Prévoyance et retraite collective

Les conseillers doivent être vigilants au cas des mandataires sociaux

La circulaire questions-réponses sur le caractère collectif et obligatoire est parue le 7 février dernier. Certains points sont importants pour les TPE/PME. Frank Wismer avocat associé du cabinet Fromont, Briens, livre une brève analyse et revient sur une décision toute récente du 13 février 2013 de la Cour de cassation.
Frank Wismer, avocat associé, Fromont, Briens

Après le décret du 9 janvier 2012 (n°2012-25), la circulaire du 25 septembre 2013 (n°2013/344), voici venue la lettre-circulaire Acoss du 4 février 2014 qui vient encore apporter une pierre à l’édifice doctrinal. Les 31 "questions/réponses" que compte ce texte contiennent certaines positions favorables (sort des « articles 36 de l’annexe de la CCN Agirc » non affiliés à l’Agirc, cas des CCN appliquées volontairement, prise en compte de l’âge dans le calcul des rentes de conjoint, recours souple aux taux croissants en fonction de la rémunération en matière de retraite,…). La circulaire précise aussi que le financement du comité d’entreprise, à condition qu’il bénéficie à l’ensemble des salariés, est assimilé à une contribution de l’employeur. Enfin, sur le cas des dispenses prévues par le décret du 9 janvier 2012 non applicables aux contrats mis en place par décision unilatérale de l’employeur, la Place est en attente d’un décret correctif, mais la circulaire indique que ces dispenses peuvent être instituées dès à présent dans l’attente du décret modificatif.

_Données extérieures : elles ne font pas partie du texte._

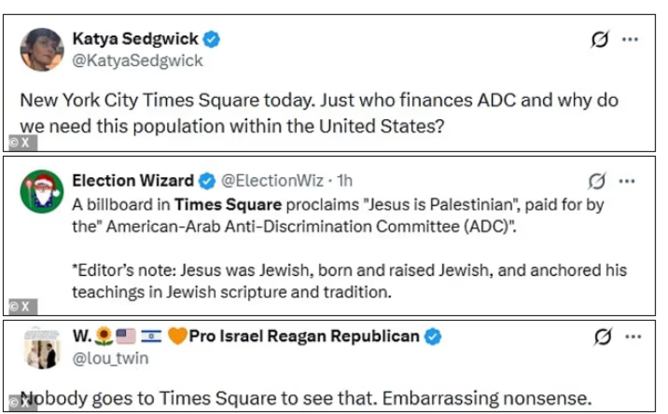 Από την πλευρά της, η ADC υπερασπίστηκε την καμπάνια, υπογραμμίζοντας ότι ο σκοπός δεν ήταν να αμφισβητήσει την εβραϊκή καταγωγή του Ιησού αλλά να ανοίξει χώρο για διάλογο και αναγνώριση κοινών πολιτισμικών και θρησκευτικών στοιχείων μεταξύ χριστιανών, μουσουλμάνων και αράβων Αμερικανών. Ο εκτελεστικός διευθυντής της οργάνωσης, Abed Ayoub, δήλωσε ότι η πινακίδα επιδιώκει να προωθήσει μια συζήτηση γύρω από κοινές ρίζες και αξίες και όχι μόνο γύρω από μια γεωγραφική ή εθνοτική ταυτότητα. Ο ίδιος επέμεινε πως το μήνυμα δεν ήταν σχεδιασμένο για να προκαλέσει διχασμό, αλλά να ενθαρρύνει την ανταλλαγή απόψεων σε μια εποχή όπου πολλές φωνές μπορεί να μην ακούγονται.

Ne pas confondre ce qu’exigent les Urssaf et le Code du commerce. L’Acoss considère qu’en l’absence de décision du conseil d’administration (ou délibération de l’assemblée générale pour une SARL), la seule hypothèse dans laquelle un mandataire social peut bénéficier d’un financement exonéré de l’entreprise en matière de prévoyance complémentaire ou de retraite supplémentaire est celle où la catégorie bénéficiaire est définie par référence au champ de la convention Agirc. Dans les autres cas, une telle décision (ou délibération) est nécessaire. Frank Wismer attire l’attention sur cet aspect et avertit les dirigeants et leurs conseils de ne pas s’en tenir à cette vision restrictive dans la mesure où le droit des sociétés impose que l’avantage soit autorisé, en toute hypothèse, par une décision du conseil d’administration pour les SA et par une délibération de l’assemblée générale pour les SARL. En d’autres termes, il ne faut pas confondre ce qu’exigent les Urssaf pendant leur contrôle avec ce qu’impose le Code du commerce.

Une lecture restrictive et contestable. Frank Wismer ajoute : si l’on peut penser de prime abord que cette réponse est favorable en ce qu’elle n’exige pas des Urssaf qu’elles sollicitent la production de l’autorisation de l’avantage lorsque le mandataire social est affilié à un régime de salariés « cadre au sens de l’girc », c’est une fausse bonne nouvelle. En réalité, il ne faut pas perdre de vue que la circulaire DSS du 25 septembre 2013 semble ne valider l’exonération du financement de l’entreprise au bénéfice du mandataire uniquement s’il est affilié à un régime catégoriel défini à partir du critère 1 du décret de janvier 2012 (cadre au sens de l’Agirc) ou du critère 2 (tranche de rémunération). Mais c’est une lecture très restrictive et particulièrement contestable. Les mandataires affiliés par ordre de la loi au régime général de sécurité sociale (art. L311-3 CSS) sont placés dans la même situation que des salariés cadres supérieurs. En droit, ils doivent bénéficier de l’exonération dans les mêmes conditions, même si celle-ci résulte des critères n°3 (catégorie ou classification des CCN) ou n°4 (sous catégorie de ces mêmes CCN). Rappelons que la Cour de cassation a validé cette assimilation sous l’empire des règles d’exonération antérieures au décret de janvier 2012 (Cass. 2ème Civ. 19 décembre 2013, n°12-28429). Il faut pouvoir opposer aux Urssaf cette décision qui me parait pouvoir être transposée aux règles actuelles.